Later
by Blue Shoe 22
Summary: When someone dies it's hard to let go. B/S future fic.


Title: Later

Author: Blue Shoe 22

Disclaimer: I do not own anyone of Buffy the vampire slayer or any of its characters. The title and plot of this story belong to Michael Marshall Smith. I merely manipulated and take no credit for what isn't truly mine.

Rating: PG 13, involves themes of death

Summary: When someone dies it's hard to let go. B/S, angst. 

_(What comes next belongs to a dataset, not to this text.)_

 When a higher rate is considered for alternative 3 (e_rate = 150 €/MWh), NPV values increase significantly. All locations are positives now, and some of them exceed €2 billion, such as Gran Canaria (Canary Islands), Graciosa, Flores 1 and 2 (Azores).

Spoilers: non-specific season 5 and 6

Distribution: Please ask

I remember standing in the bedroom before we went out, fiddling with my jacket and fretting mildly about the time. As yet we had plenty, but that was nothing to be smug about. The minutes had a way of disappearing all too quickly when Buffy was getting ready, early starts culminating in a breathless dash for the car and cursing when the old beast didn't start immediately. It was Dawn's birthday party we were going to – her twenty-first – so it didn't really matter what time we left, but I tend to be a little impatient when it comes to waiting. I used to, anyway.

When I finally had my collars in what I thought was some semblance of order, I turned away from the mirror – not that there had been much point in looking into it in the first place – and opened my mouth to call out to Buffy. But then I caught sight of what was on the bed, and closed it again. For a moment I just stood and looked, and then walked over towards the bed.

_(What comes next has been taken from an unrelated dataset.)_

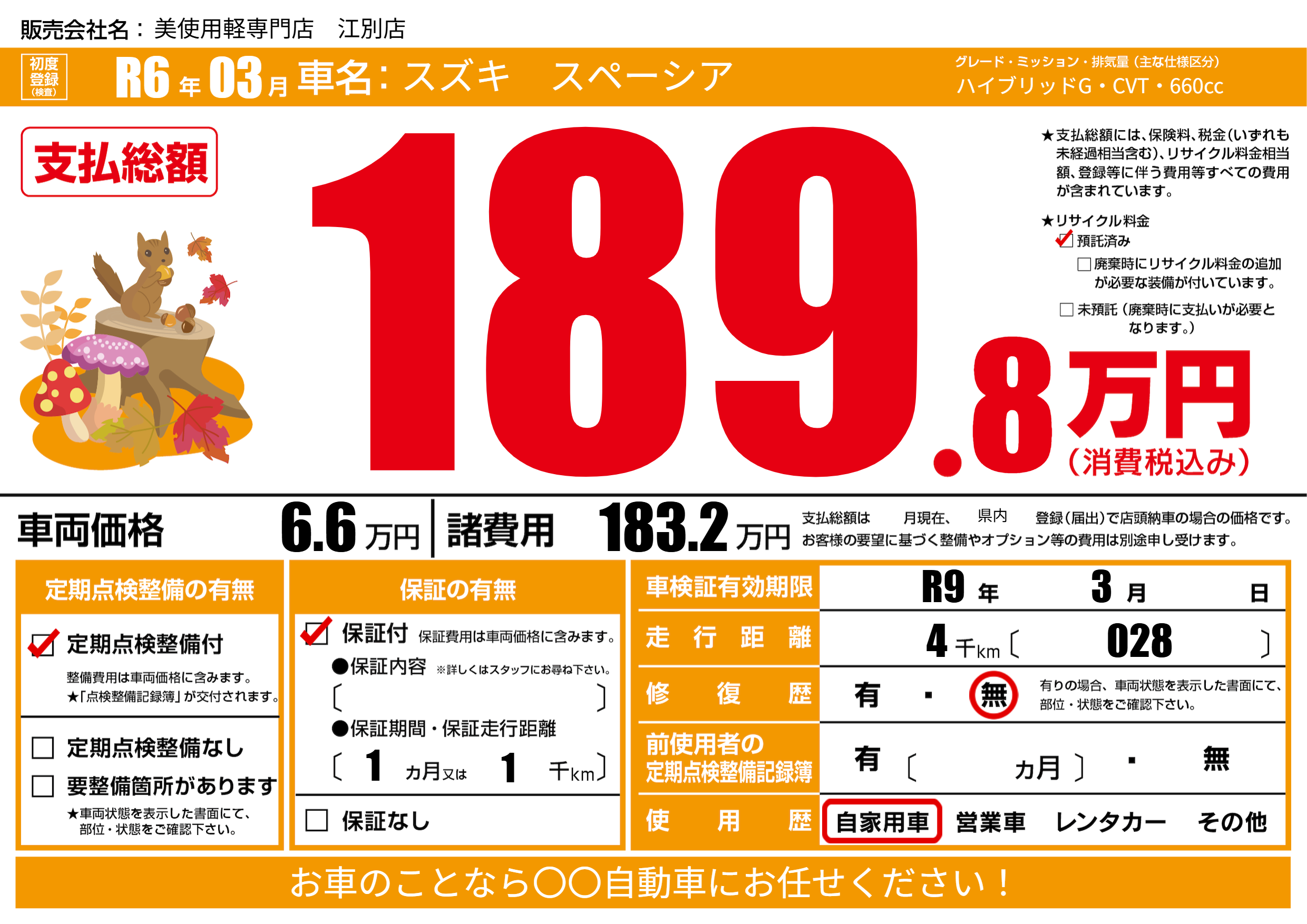 なし | 車検制限 | R9年3月---月 |

It wasn't anything spectacular, just a dress made of sheeny white material. Years ago, before we started going out together, Buffy used to wear a lot of shiny clothes. Glitter and sparkles, not because they were fashionable, but because they made her feel alive and beautiful. After we became a couple I trailed her endlessly around clothes shops, browsing tops and dresses, looking for something to put that old sparkle back in her life, while I half-hearted protested and moaned.

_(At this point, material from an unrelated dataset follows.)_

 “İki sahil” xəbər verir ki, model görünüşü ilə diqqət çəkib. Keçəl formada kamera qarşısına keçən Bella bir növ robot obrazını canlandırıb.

On impulse I leaned down to feel the material, and found I could remember touching it for the first time in the shop on Mill Road, could remember surfacing up through the contented boredom to say that yes, I liked this one. On that recommendation she'd bought it, and as a reward for traipsing round after her she'd bought me dinner too. Pigs blood and spicy Buffalo wings, there was a lot of it, and it was good.

The strange thing was, I didn't even really mind the dress shops. You know how sometimes, when you're just walking around, living your un-life, you'll see someone on the street and fall hopelessly in love with them? How something in the way they look, the way they are, makes you stop dead in your tracks and stare? How for that instant you're convinced that if you could just meet them, you'd be able to love them forever?

It wasn't like that our first time, but it was. I was there to kill her, I wanted to, but at the same time I was a little bit in love with her, if obsession passes for love as it did for me at that time. But it's the same sort of feeling, isn't it. Wild schemes and unlikely meetings pass through your head, and yet as they stand on the other side of the street or room, talking to someone else, they haven't the faintest idea of what's going through your mind. Something has clicked, but only inside your head. You know that there's no way on this side of the Hellmouth they'll reciprocate, that it's more likely that Angel will stop using hair-gel than that anything will come of it, but something about them forces you to stay, until you wished they'd leave so you could be free.

The first time I saw Buffy like that, and now she was upstairs in the bath, getting ready for me. I didn't call out for her to hurry along, I decided it didn't really matter.

A few minutes later a swirling gurgle noise announced the letting out of the bath water, and Buffy wafted into the room swaddled in thick towels and glowing in high spirits. Suddenly I lost all interest in going to the party, punctuality or otherwise. She marched up to me, set her head at a silly angle to kiss me on the lips and pulled at must duster and shirt vigorously. When I looked down she had fixed the collars in perfect layers, just as she always did.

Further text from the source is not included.